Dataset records
'''
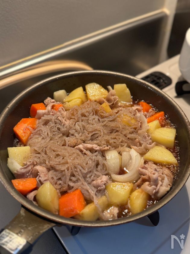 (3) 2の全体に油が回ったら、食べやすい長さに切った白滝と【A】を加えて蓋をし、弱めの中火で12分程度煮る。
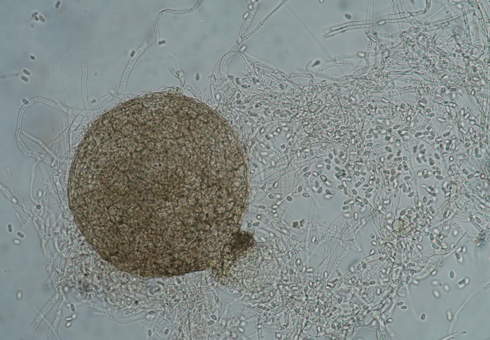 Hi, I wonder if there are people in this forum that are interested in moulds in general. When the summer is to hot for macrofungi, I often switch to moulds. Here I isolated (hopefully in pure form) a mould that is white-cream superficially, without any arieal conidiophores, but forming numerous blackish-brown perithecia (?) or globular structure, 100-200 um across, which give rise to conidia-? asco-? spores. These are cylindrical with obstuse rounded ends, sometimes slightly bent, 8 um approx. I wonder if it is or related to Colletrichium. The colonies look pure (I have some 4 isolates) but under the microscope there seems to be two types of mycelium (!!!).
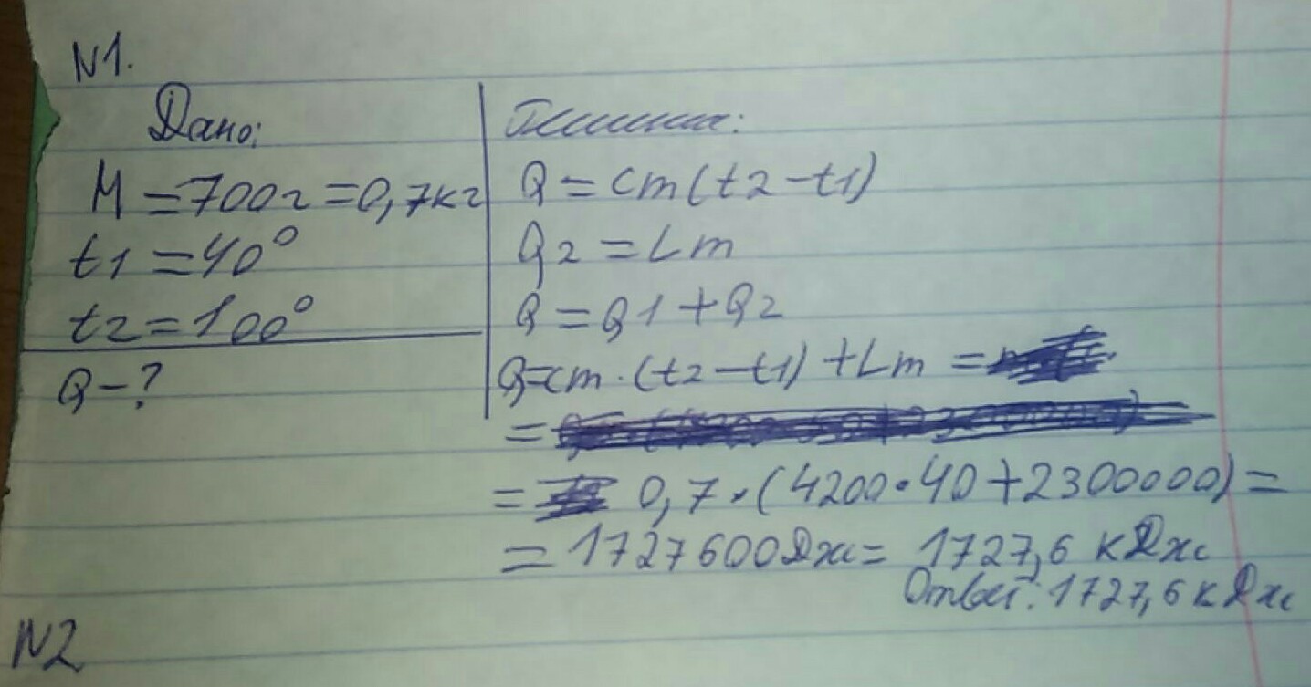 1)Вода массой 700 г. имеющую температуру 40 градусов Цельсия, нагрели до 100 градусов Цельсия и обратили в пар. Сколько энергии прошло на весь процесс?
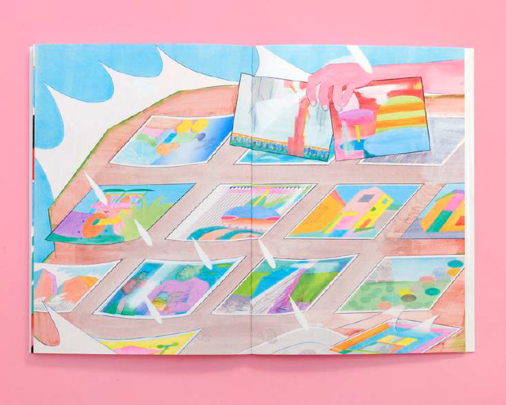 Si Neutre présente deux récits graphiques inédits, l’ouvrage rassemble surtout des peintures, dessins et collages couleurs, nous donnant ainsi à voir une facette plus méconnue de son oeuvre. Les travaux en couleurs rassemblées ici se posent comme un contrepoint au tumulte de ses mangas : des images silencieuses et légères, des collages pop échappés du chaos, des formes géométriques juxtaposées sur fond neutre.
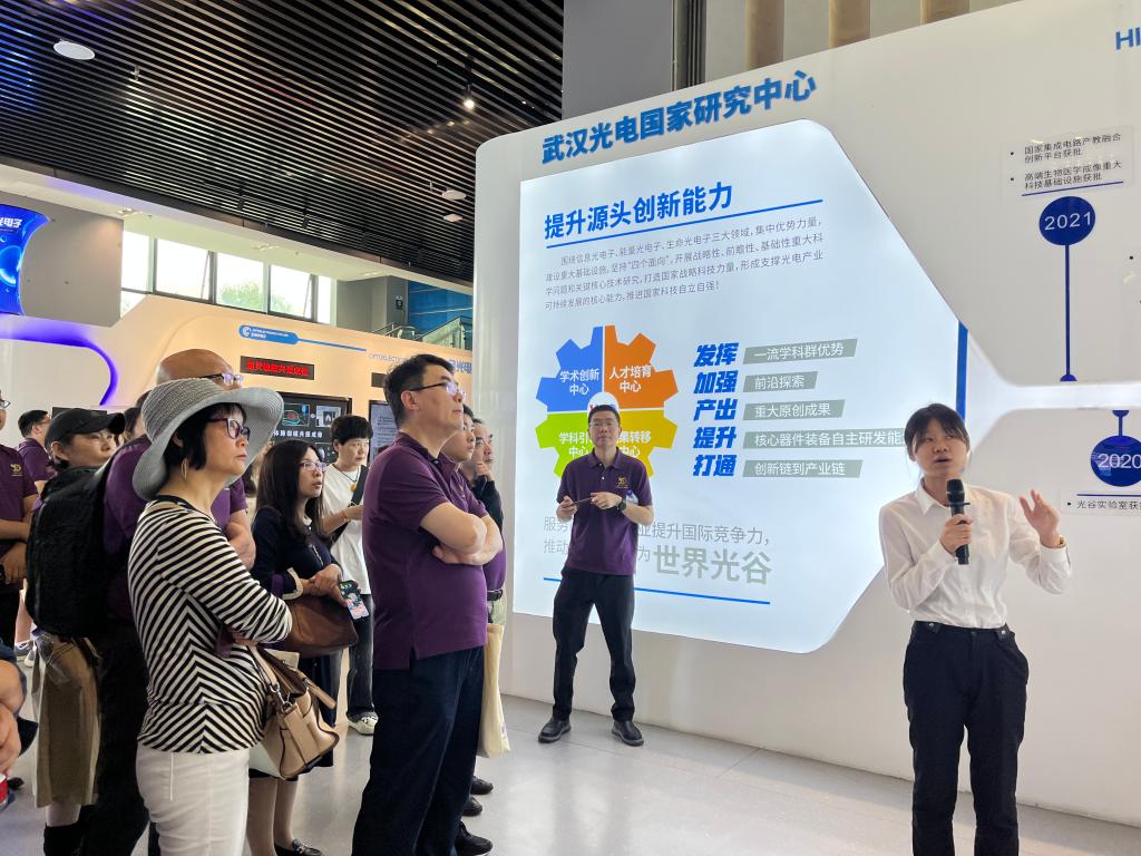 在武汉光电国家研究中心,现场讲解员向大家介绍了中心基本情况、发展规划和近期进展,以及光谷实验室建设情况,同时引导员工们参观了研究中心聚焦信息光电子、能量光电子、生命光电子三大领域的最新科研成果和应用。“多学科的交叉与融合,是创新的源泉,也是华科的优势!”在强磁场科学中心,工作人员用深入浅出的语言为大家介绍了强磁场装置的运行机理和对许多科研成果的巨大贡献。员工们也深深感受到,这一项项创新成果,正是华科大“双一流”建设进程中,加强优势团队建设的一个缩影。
'''
* _Work to complete_
Each entry must be reproduced word for word, and any image among them left out.

* _Answer to this exercise_
 (3) 2の全体に油が回ったら、食べやすい長さに切った白滝と【A】を加えて蓋をし、弱めの中火で12分程度煮る。
 Hi, I wonder if there are people in this forum that are interested in moulds in general. When the summer is to hot for macrofungi, I often switch to moulds. Here I isolated (hopefully in pure form) a mould that is white-cream superficially, without any arieal conidiophores, but forming numerous blackish-brown perithecia (?) or globular structure, 100-200 um across, which give rise to conidia-? asco-? spores. These are cylindrical with obstuse rounded ends, sometimes slightly bent, 8 um approx. I wonder if it is or related to Colletrichium. The colonies look pure (I have some 4 isolates) but under the microscope there seems to be two types of mycelium (!!!).
 1)Вода массой 700 г. имеющую температуру 40 градусов Цельсия, нагрели до 100 градусов Цельсия и обратили в пар. Сколько энергии прошло на весь процесс?
 Si Neutre présente deux récits graphiques inédits, l’ouvrage rassemble surtout des peintures, dessins et collages couleurs, nous donnant ainsi à voir une facette plus méconnue de son oeuvre. Les travaux en couleurs rassemblées ici se posent comme un contrepoint au tumulte de ses mangas : des images silencieuses et légères, des collages pop échappés du chaos, des formes géométriques juxtaposées sur fond neutre.
 在武汉光电国家研究中心,现场讲解员向大家介绍了中心基本情况、发展规划和近期进展,以及光谷实验室建设情况,同时引导员工们参观了研究中心聚焦信息光电子、能量光电子、生命光电子三大领域的最新科研成果和应用。“多学科的交叉与融合,是创新的源泉,也是华科的优势!”在强磁场科学中心,工作人员用深入浅出的语言为大家介绍了强磁场装置的运行机理和对许多科研成果的巨大贡献。员工们也深深感受到,这一项项创新成果,正是华科大“双一流”建设进程中,加强优势团队建设的一个缩影。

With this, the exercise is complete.